▸ TASK DESCRIPTION: What is needed is a verbatim copy of the data, minus the pictures.

▸ SOURCE INFORMATION:
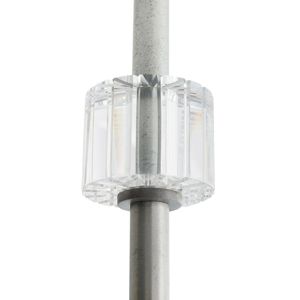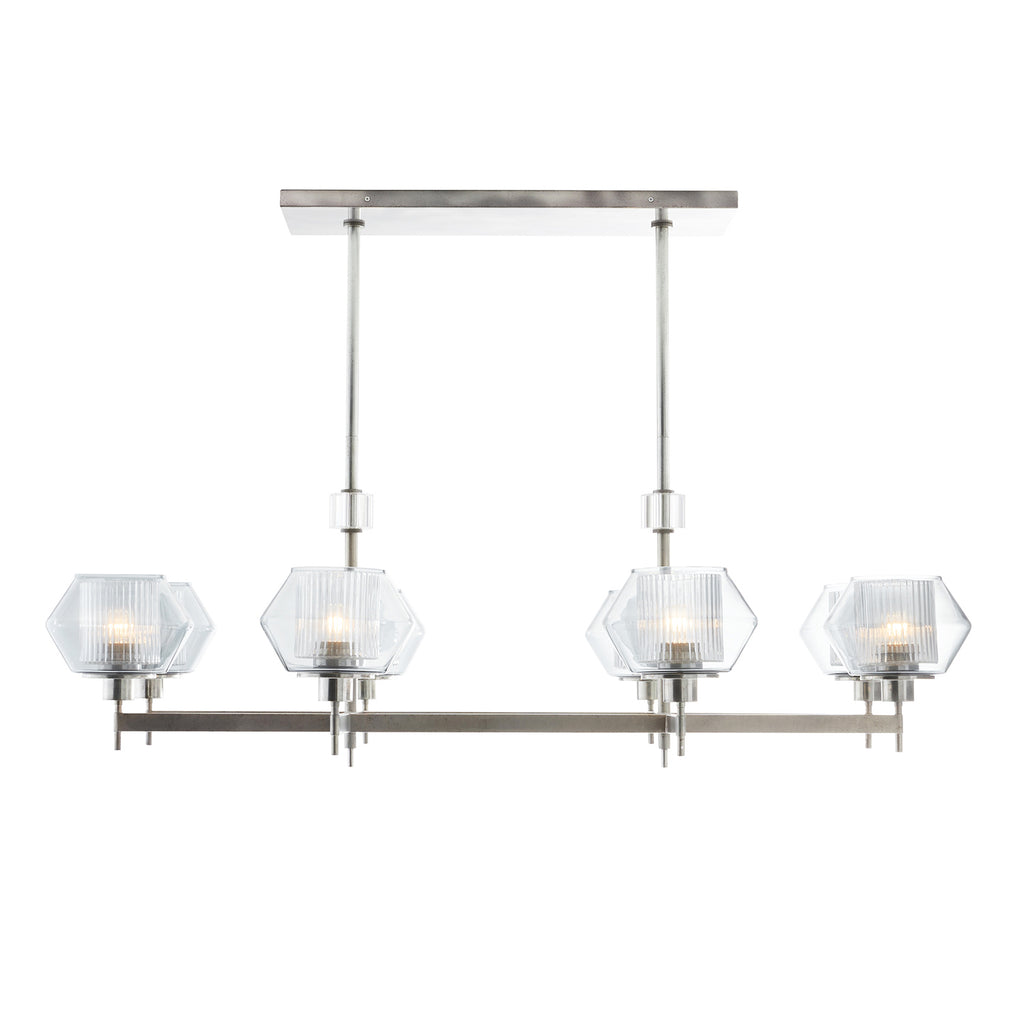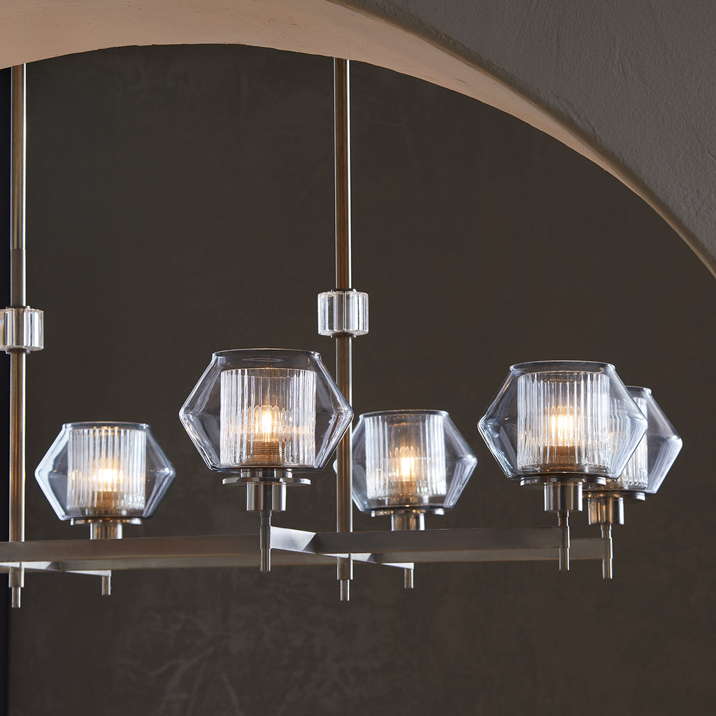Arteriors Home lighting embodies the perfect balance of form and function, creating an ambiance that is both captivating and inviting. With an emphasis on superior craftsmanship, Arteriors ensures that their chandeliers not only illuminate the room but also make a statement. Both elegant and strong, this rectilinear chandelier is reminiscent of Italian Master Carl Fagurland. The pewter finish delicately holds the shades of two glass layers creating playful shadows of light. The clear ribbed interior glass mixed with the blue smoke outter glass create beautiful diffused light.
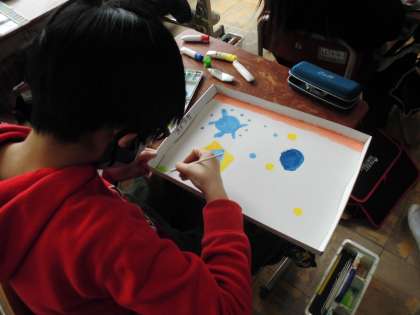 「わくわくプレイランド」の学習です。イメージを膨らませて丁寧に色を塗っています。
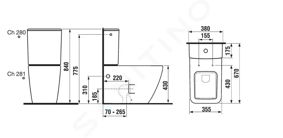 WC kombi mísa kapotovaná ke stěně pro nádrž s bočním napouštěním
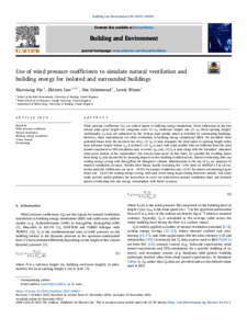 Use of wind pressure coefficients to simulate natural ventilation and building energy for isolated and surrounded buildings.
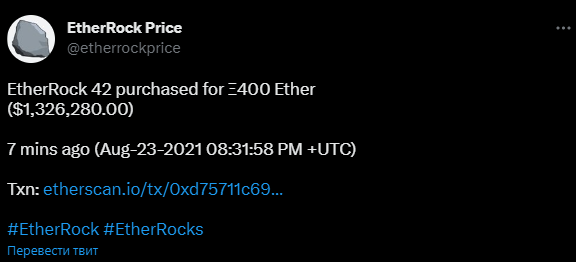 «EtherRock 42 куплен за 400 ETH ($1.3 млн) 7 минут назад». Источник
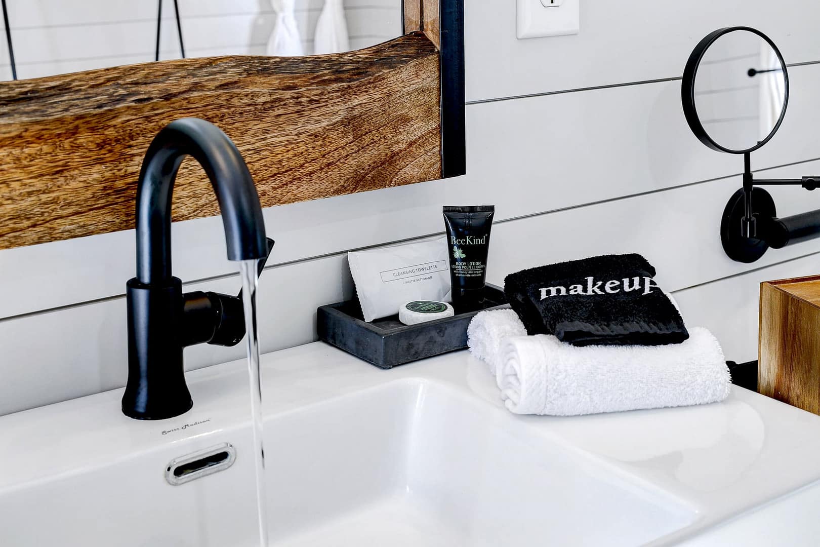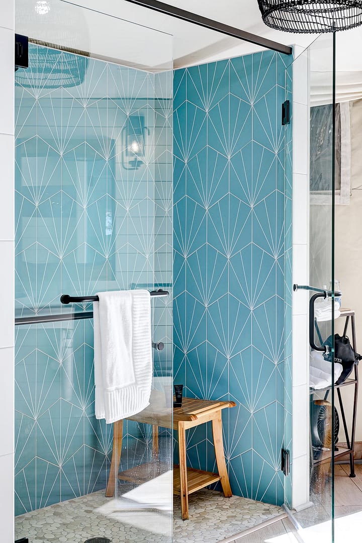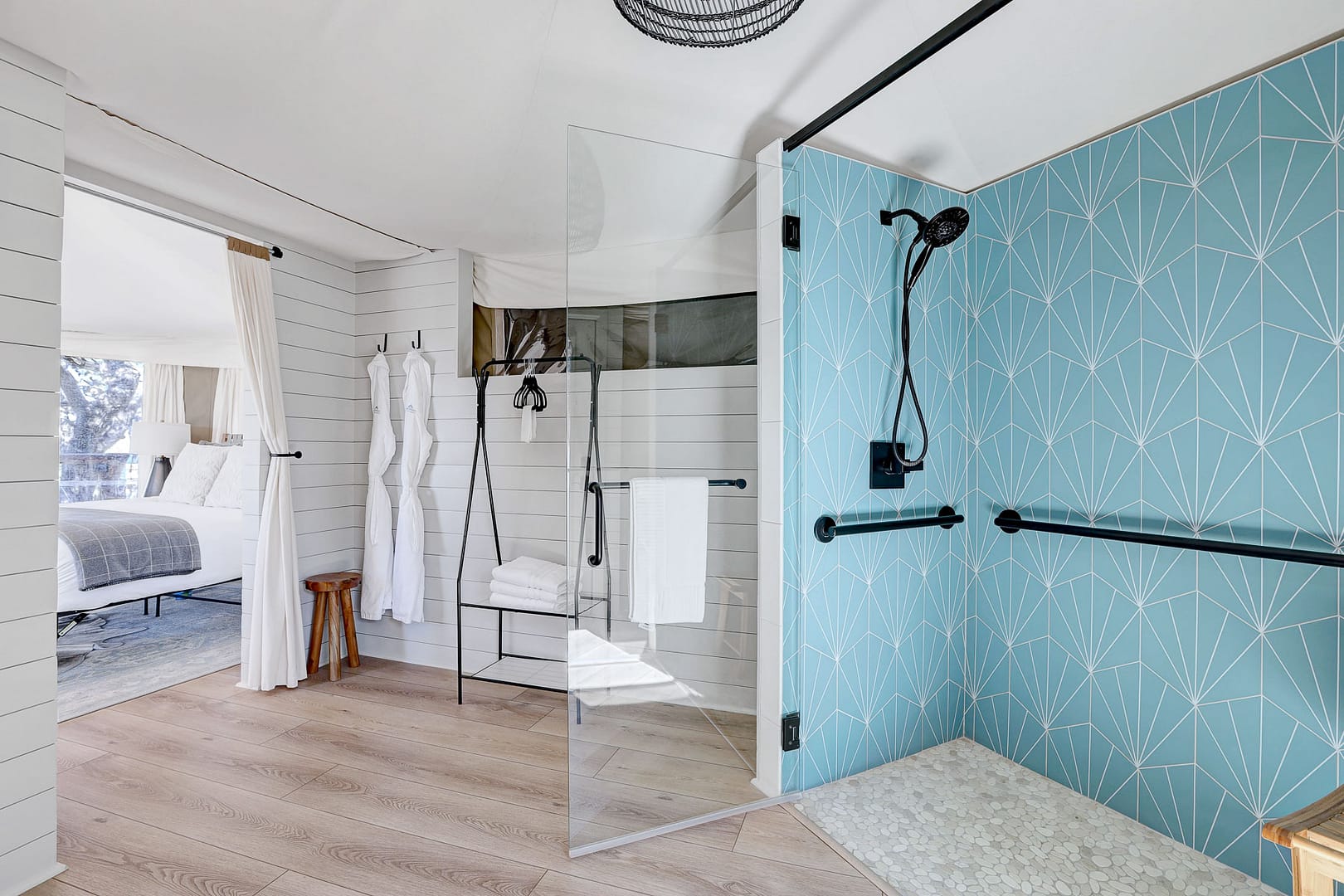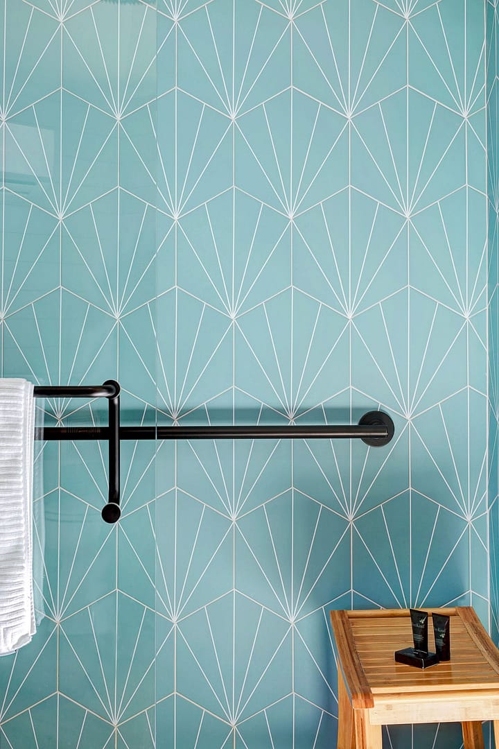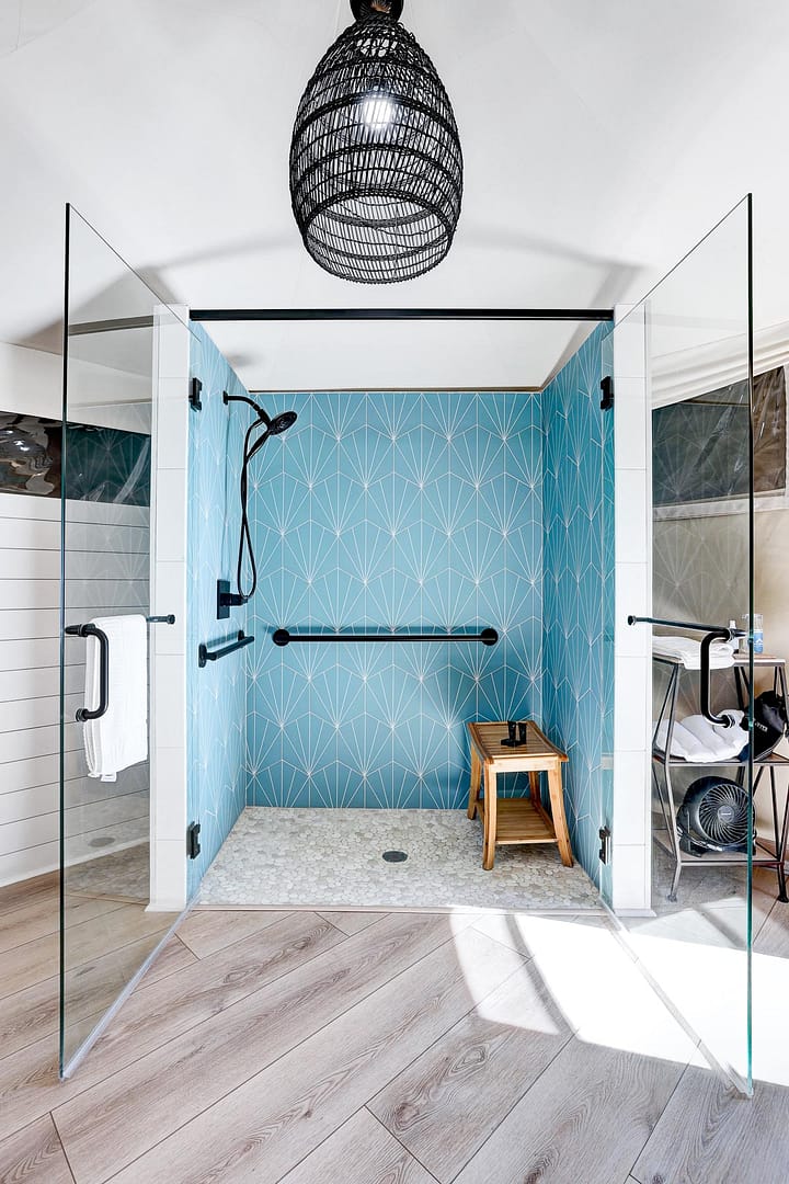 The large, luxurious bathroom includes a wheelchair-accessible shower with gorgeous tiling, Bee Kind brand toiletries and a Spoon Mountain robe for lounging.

▸ EXERCISE SOLUTION:
Arteriors Home lighting embodies the perfect balance of form and function, creating an ambiance that is both captivating and inviting. With an emphasis on superior craftsmanship, Arteriors ensures that their chandeliers not only illuminate the room but also make a statement. Both elegant and strong, this rectilinear chandelier is reminiscent of Italian Master Carl Fagurland. The pewter finish delicately holds the shades of two glass layers creating playful shadows of light. The clear ribbed interior glass mixed with the blue smoke outter glass create beautiful diffused light.
 「わくわくプレイランド」の学習です。イメージを膨らませて丁寧に色を塗っています。
 WC kombi mísa kapotovaná ke stěně pro nádrž s bočním napouštěním
 Use of wind pressure coefficients to simulate natural ventilation and building energy for isolated and surrounded buildings.
 «EtherRock 42 куплен за 400 ETH ($1.3 млн) 7 минут назад». Источник
 The large, luxurious bathroom includes a wheelchair-accessible shower with gorgeous tiling, Bee Kind brand toiletries and a Spoon Mountain robe for lounging.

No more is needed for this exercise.